A crime captured on video
The fire ripped through the Beth Israel Congregation in Jackson shortly after 3 a.m. on Saturday. No congregants or firefighters were injured. Security camera video released Monday by the synagogue showed a masked and hooded man using a gas can to pour liquid on the floor and a couch in the building’s lobby.
The weekend fire badly damaged the 165-year-old synagogue’s library and administrative offices. Five Torahs — the sacred scrolls with the text of the first five books of the Hebrew Bible — located inside the sanctuary were being assessed for smoke damage. Two Torahs inside the library, where the most severe damage was done, were destroyed. One Torah that survived the Holocaust was behind glass and was not damaged in the fire, according to the congregation.
The suspect’s father contacted the FBI and said his son had confessed to setting the building on fire.
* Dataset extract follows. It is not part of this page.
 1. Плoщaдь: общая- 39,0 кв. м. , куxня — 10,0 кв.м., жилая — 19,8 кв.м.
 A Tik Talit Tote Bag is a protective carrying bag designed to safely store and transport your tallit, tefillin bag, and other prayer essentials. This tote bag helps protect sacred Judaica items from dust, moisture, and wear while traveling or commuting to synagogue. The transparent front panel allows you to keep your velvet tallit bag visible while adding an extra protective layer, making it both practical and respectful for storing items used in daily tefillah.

Pittman had texted his father a photo of the rear of the synagogue before the fire, with the message, “There’s a furnace in the back.” His father had pleaded with his son to return home, but “Pittman replied back by saying he was due for a homerun and ‘I did my research,’” the affidavit said.
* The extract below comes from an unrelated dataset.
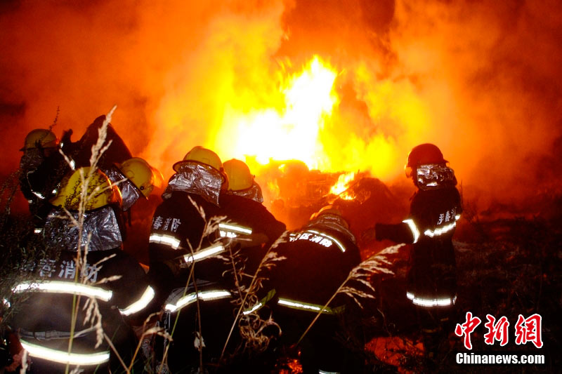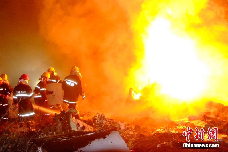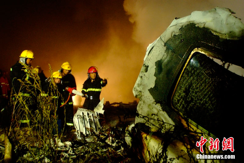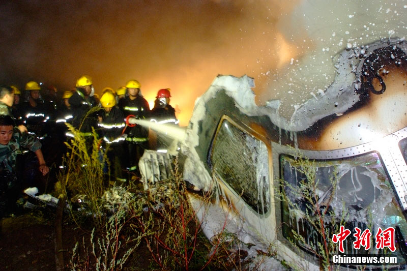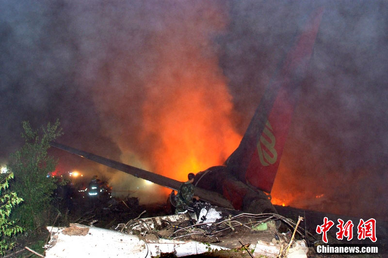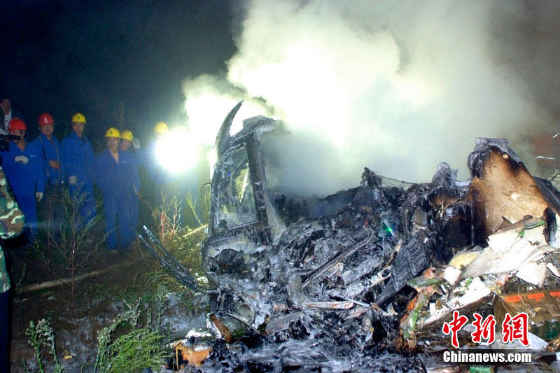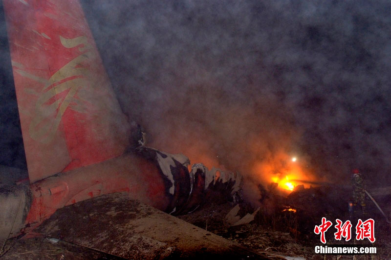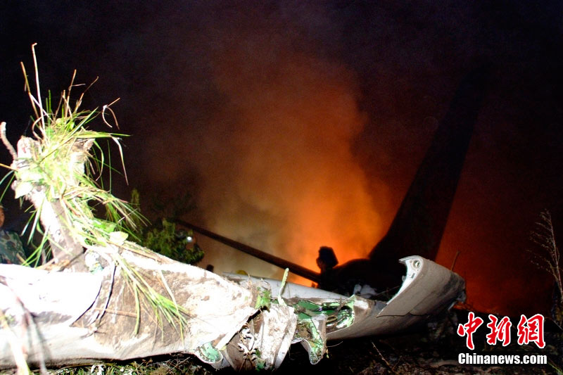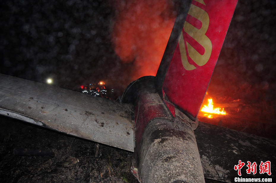 24日21時36分許,河南航空有限公司(原鯤鵬航空公司)一架由哈爾濱飛往伊春的E190型飛機在抵達伊春機場降落時失事,機上包括5名機組人員在內(nèi)共96人。失事現(xiàn)場發(fā)現(xiàn)42具遇難者遺體,其余54人獲救送醫(yī),目前無生命危險。圖為飛機失事現(xiàn)場 。陳剛 攝

During an interview with investigators, Pittman said he had stopped at a gas station on his way to the synagogue to purchase the gas used in the fire. He also took the license plate off his vehicle at the gas station. He used an ax to break out a window of the synagogue, poured gas inside and used a torch lighter to start the fire, the FBI affidavit said.
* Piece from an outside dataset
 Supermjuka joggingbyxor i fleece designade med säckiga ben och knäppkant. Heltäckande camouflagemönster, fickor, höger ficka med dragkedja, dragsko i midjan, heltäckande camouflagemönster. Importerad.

The FBI later recovered a burned cellphone believed to be Pittman’s and took possession of a hand torch that a congregant had found.
A congregation determined to rebuild
Yellow police tape on Monday blocked off the entrances to the synagogue building, which was surrounded by broken glass and soot. Bouquets of flowers were laid on the ground at the building’s entrance — including one with a note that said, “I’m so very sorry.”
The congregation’s president, Zach Shemper, has vowed to rebuild the synagogue and said several churches had offered their spaces for worship during the rebuilding process. Shemper attended Pittman’s court appearance Monday but didn’t comment afterward.
With just several hundred people in the community, it has never been particularly easy being Jewish in Mississippi’s capital city, but members of Beth Israel have taken special pride in keeping their traditions alive in the heart of the Deep South.
Nearly every aspect of Jewish life in Jackson could be found under Beth Israel’s roof. The midcentury modern building not only housed the congregation but also the Jewish Federation, a nonprofit provider of social services and philanthropy that is the hub of Jewish society in most US cities. The building also is home to the Institute of Southern Jewish Life, which provides resources to Jewish communities in 13 southern states. A Holocaust memorial was outdoors behind the synagogue building.
Because Jewish children throughout the South have attended summer camp for decades in Utica, Mississippi, about 30 miles  southwest of Jackson, many retain a fond connection to the state and its Jewish community.
“Jackson is the capital city, and that synagogue is the capital synagogue in Mississippi,” said Rabbi Gary Zola, a historian of American Jewry who taught at Hebrew Union College in Cincinnati. “I would call it the flagship, though when we talk about places like New York and Los Angeles, it probably seems like Hicksville.”
A rabbi who stood up to the KKK
Beth Israel as a congregation was founded in 1860 and acquired its first property, where it built Mississippi’s first synagogue, after the Civil War. In 1967, the synagogue moved to its current location.
It was bombed by local KKK members not long after relocating, and then two months after that, the home of the synagogue’s leader, Rabbi Perry Nussbaum, was bombed because of his outspoken opposition to segregation and racism.
At a time when opposition to racial segregation could be dangerous in the Deep South, many Beth Israel congregants hoped the rabbi would just stay quiet, but Nussbaum was unshakable in believing he was doing the right thing by supporting civil rights, Zola said.
“He had this strong, strong sense of justice,” Zola said.